[Start of Attachment]

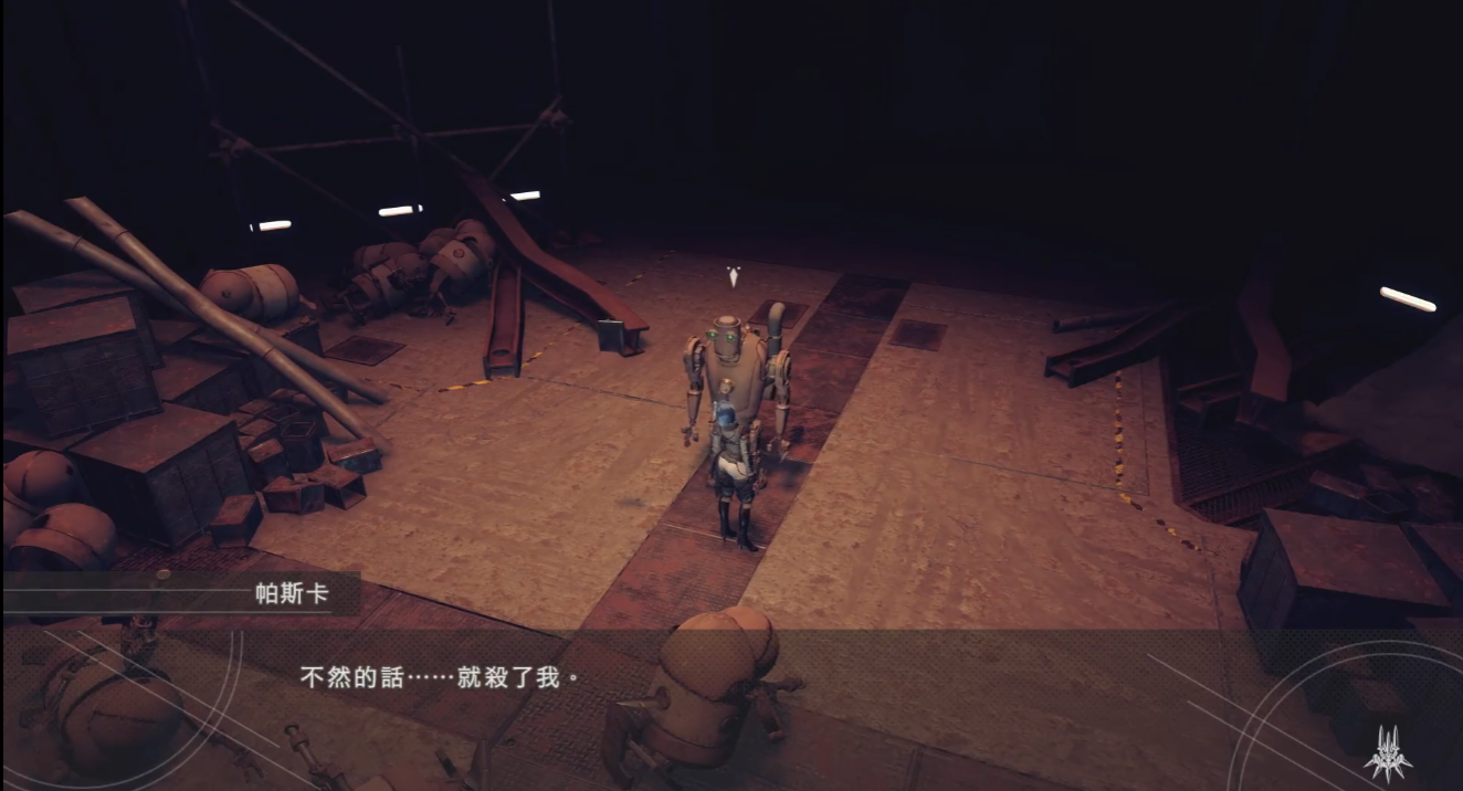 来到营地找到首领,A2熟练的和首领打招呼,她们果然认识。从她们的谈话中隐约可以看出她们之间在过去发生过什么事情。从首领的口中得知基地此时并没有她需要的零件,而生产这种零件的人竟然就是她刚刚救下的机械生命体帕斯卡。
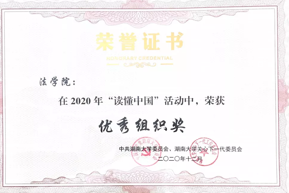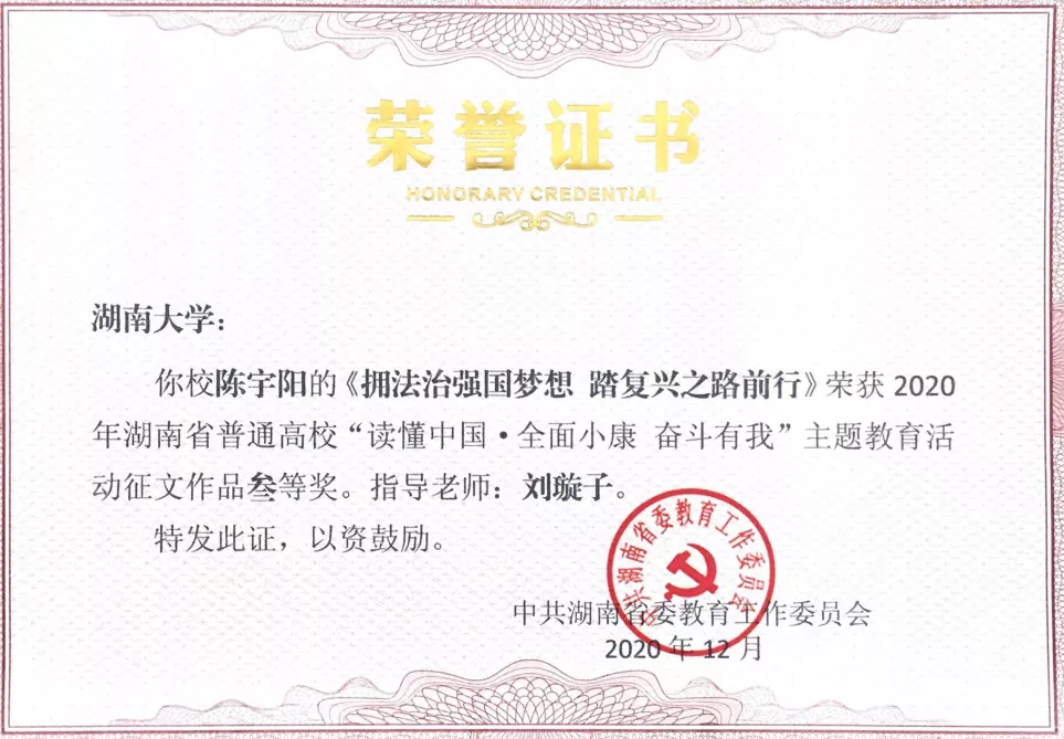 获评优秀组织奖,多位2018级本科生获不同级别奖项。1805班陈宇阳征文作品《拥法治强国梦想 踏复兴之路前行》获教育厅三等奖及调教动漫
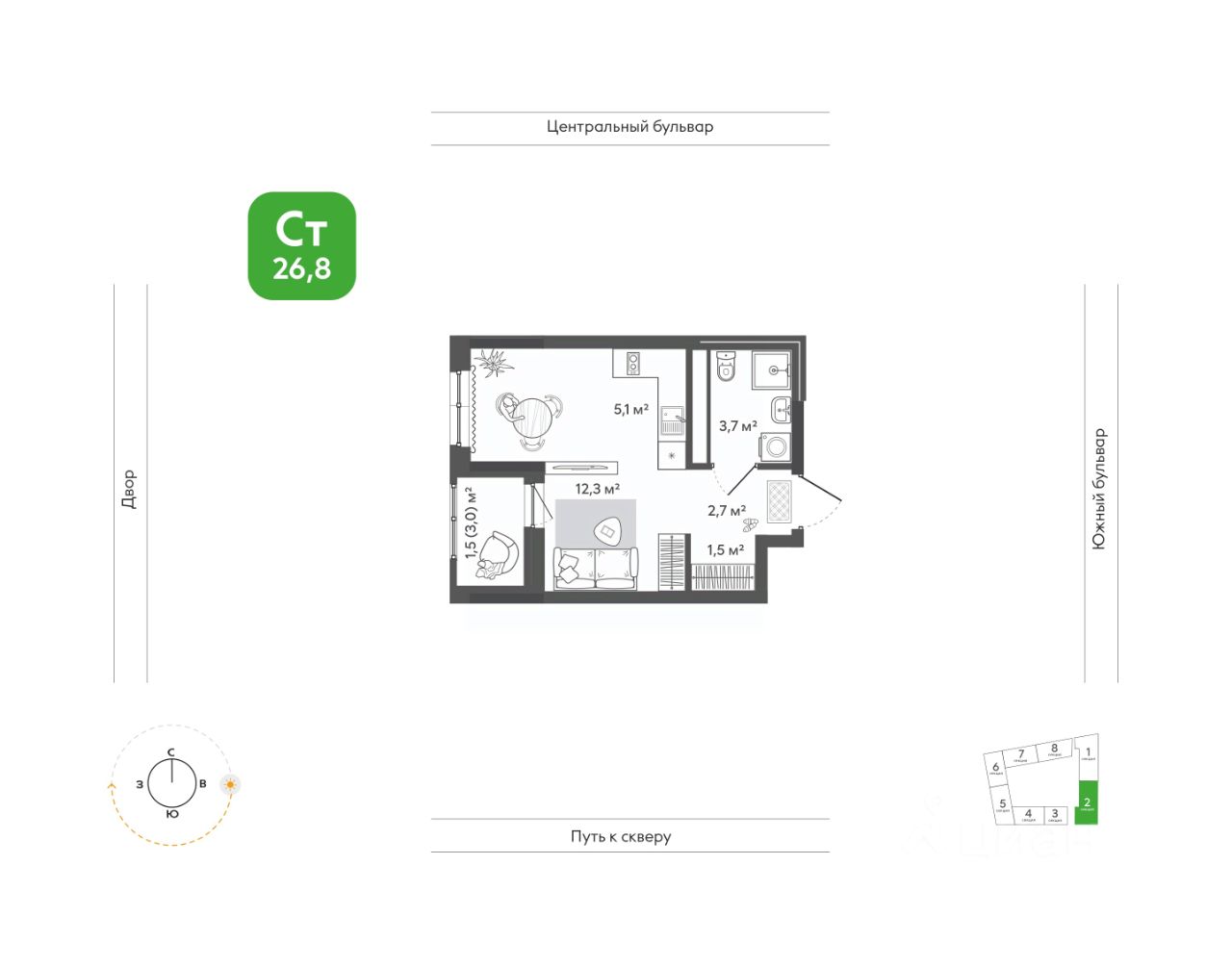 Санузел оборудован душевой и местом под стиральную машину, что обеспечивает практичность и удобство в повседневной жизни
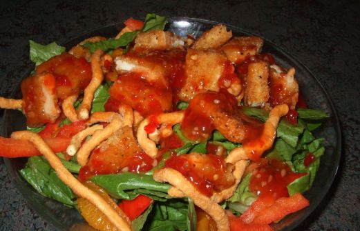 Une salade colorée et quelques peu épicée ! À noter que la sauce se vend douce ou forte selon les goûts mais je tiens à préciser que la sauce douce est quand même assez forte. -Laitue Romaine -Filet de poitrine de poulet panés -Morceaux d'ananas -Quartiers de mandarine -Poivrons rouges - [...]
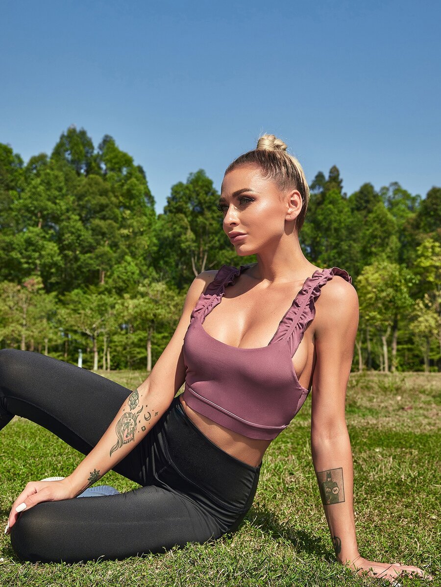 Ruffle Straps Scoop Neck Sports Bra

[End of Attachment]
[Start of Attachment]

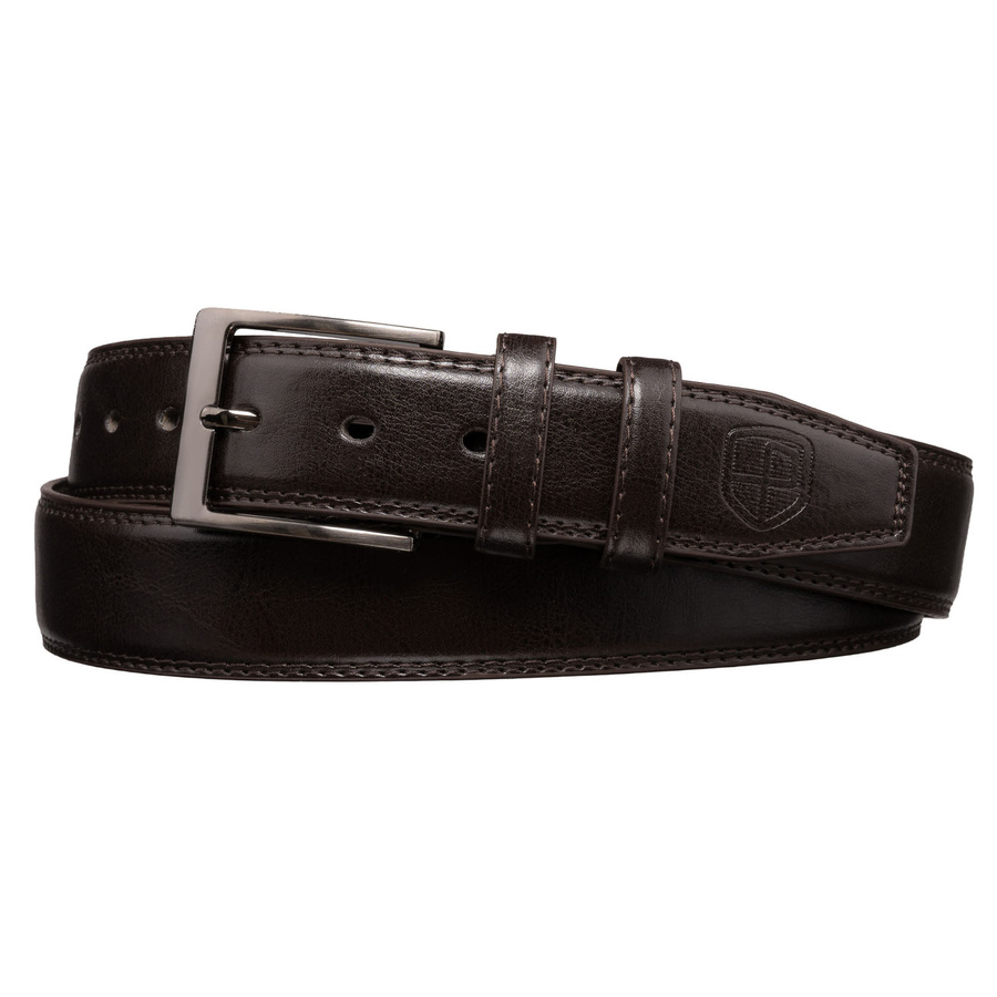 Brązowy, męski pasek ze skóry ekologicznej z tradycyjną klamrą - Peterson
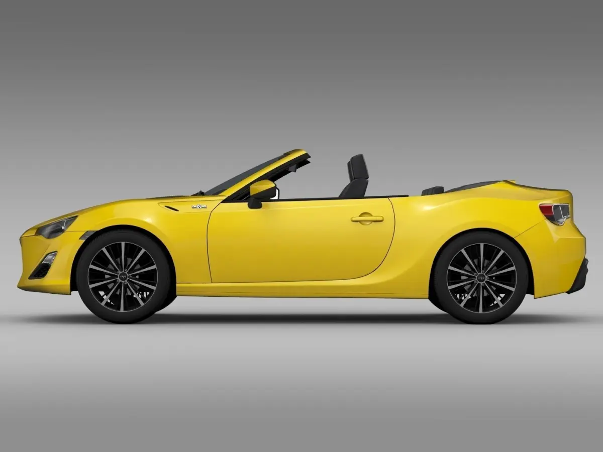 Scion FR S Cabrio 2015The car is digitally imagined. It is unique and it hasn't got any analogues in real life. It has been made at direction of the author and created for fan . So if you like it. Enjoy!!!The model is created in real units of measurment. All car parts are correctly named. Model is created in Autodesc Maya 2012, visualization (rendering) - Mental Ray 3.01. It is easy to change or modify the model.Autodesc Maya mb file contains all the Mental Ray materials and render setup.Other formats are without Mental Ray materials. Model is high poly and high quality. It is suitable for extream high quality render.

[End of Attachment]

# What you are asked to do
Leave the pictures out, and transcribe exactly the lines above starting at the one that contains "Санузел оборудован душевой" and ending at the one that contains "Ruffle Straps Scoop Neck Sports Bra".

# Expected answer
 Санузел оборудован душевой и местом под стиральную машину, что обеспечивает практичность и удобство в повседневной жизни
 Une salade colorée et quelques peu épicée ! À noter que la sauce se vend douce ou forte selon les goûts mais je tiens à préciser que la sauce douce est quand même assez forte. -Laitue Romaine -Filet de poitrine de poulet panés -Morceaux d'ananas -Quartiers de mandarine -Poivrons rouges - [...]
 Ruffle Straps Scoop Neck Sports Bra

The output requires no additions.